Researchers report their discoveries

in the study document that appeared yesterday in the European Heart Journal.

Endurance or resistance training?

For the present study, led by Professor Ulrich Laufs of the University of Leipzig, the researchers initially recruited 266 young and healthy participants, but who did not lead an active lifestyle.

The researchers randomly divided the study participants into four groups, as follows:

  • Some had to take endurance training, which involved running.
  • Some have undergone high intensity interval training, including warm-up sessions, followed by four cycles of high-intensity running alternating with a slow run and a rest period.
  • Some participants underwent resistance training, including exercises on the machine, including back extensions, crunches, workouts, seated oars, seated leg flexions and extensions, seated chest presses, and leg presses. .
  • The members of the final group continued to lead their sedentary lifestyle, acting as a control group.

The intervention period was 6 months and participants who were experimenting with different types of workout had to go through three 45-minute exercise sessions on a weekly basis. Of the initial total number of participants, 124 were able to complete the study.

To find out what kind of training was most effective in supporting healthy aging, the researchers took blood samples from the participants, once at the beginning, then again 2-7 days after the last training session at the end of the study.

By examining telomere length and telomerase activity in participants' white blood cells, researchers found that people with endurance training and high intensity interval training had the greatest benefits.

"Our main finding is that, compared to the beginning of the study and the control group, in volunteers who have followed endurance training and high intensity, the activity of the Telomerase and telomere length have increased, which is important for cell aging, regenerative ability and aging in good health, "says Professor Laufs. However, he also notes: "Interestingly, resistance training has not exerted these effects."

New useful measures?

Specifically, telomerase activity was increased two to three times in endurance and intensive workouts, while telomere length increased significantly.

"The study identifies a mechanism by which endurance training – but not resistance training – improves healthy aging," notes Professor Laufs.

"It may be useful to design future studies on this important topic using telomere length as [an] indicator of "biological age" in future intervention studies, "he adds.

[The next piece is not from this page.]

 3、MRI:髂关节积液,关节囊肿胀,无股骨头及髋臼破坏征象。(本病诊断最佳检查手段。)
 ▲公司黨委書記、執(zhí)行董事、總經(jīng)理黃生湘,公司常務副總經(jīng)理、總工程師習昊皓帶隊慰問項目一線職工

The co-author of the study, Dr. Christian Werner, of the University of Saarland, Germany, said: "Our data corroborate the current recommendations of the European Society of Cardiology, according to which the exercises resistance should be complementary to endurance training rather than replacing them. "

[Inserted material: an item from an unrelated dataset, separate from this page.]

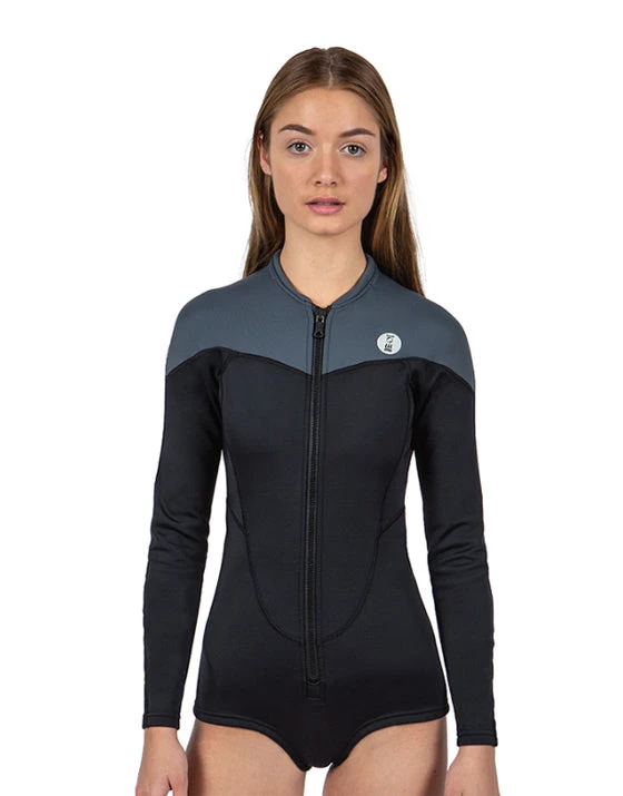 The women’s, Long Sleeve Swimsuit breaches the gap between traditional swimwear and a wetsuit, offering the equivalent of 2mm neoprene thermal protection this is the perfect option for wearing under a wetsuit or along for some warmth. A great option for warm water surfing and freediving. The front zip entry makes this super easy and convenient for getting in and out of.Â

"The data identify telomerase activity and telomere length as sensitive ways to measure at the cellular level the effects of different forms of exercise." Using these measures to guide the recommendations of Training for individuals can improve both the membership and the effectiveness of training programs in the prevention of cardiovascular disease. "

-Dr. Christian Werner

The researchers suggest that they could have an impact on nitric oxide levels – a free radical in the blood that affects blood vessel function and blood flow, and could therefore affect aging processes at the level of the cell.

"From an evolutionary point of view, endurance and high intensity workouts can better mimic the beneficial behavior of our ancestors when it comes to travel and fights or escape as the training in force, "says Dr. Werner.